• Work to be completed: Please restate each line of the material word for word and omit any pictures.

• Supplied information:
————
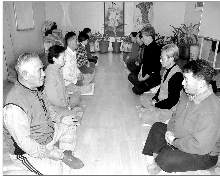
서울 정릉 보림선원 재가불자들이 12월18일 선원에서 열린 철야참선에서 정진하고 있다.

죽비소리가 침묵을 깬다. 2시간 좌선 끝에 10분간의 포행, 선방을 돈다. 두 손을 배 밑에 포개 대고, 굳은 어깨를 주스러 본다. 하지만 화두는 놓지 않는다. '빛깔도 소리도 냄새도 없는 이 높은 무엇인가'를 의심하고 또 의심한다. 그리고 다시 좌복에 침묵이 내려앉는다.
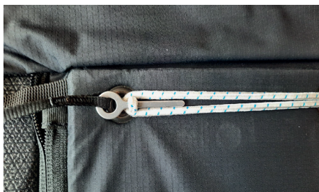
Splint in the right position

Tras una investigación, encontramos una posible configuración del sistema de cierre, en la que la tensión de los elásticos podría provocar que el pasador metálico del asa que mantiene cerrado el contenedor del paracaídas se saliera (ver secuencia fotográfica más abajo).
————
• Exercise output:
서울 정릉 보림선원 재가불자들이 12월18일 선원에서 열린 철야참선에서 정진하고 있다.

죽비소리가 침묵을 깬다. 2시간 좌선 끝에 10분간의 포행, 선방을 돈다. 두 손을 배 밑에 포개 대고, 굳은 어깨를 주스러 본다. 하지만 화두는 놓지 않는다. '빛깔도 소리도 냄새도 없는 이 높은 무엇인가'를 의심하고 또 의심한다. 그리고 다시 좌복에 침묵이 내려앉는다.
Splint in the right position

Tras una investigación, encontramos una posible configuración del sistema de cierre, en la que la tensión de los elásticos podría provocar que el pasador metálico del asa que mantiene cerrado el contenedor del paracaídas se saliera (ver secuencia fotográfica más abajo).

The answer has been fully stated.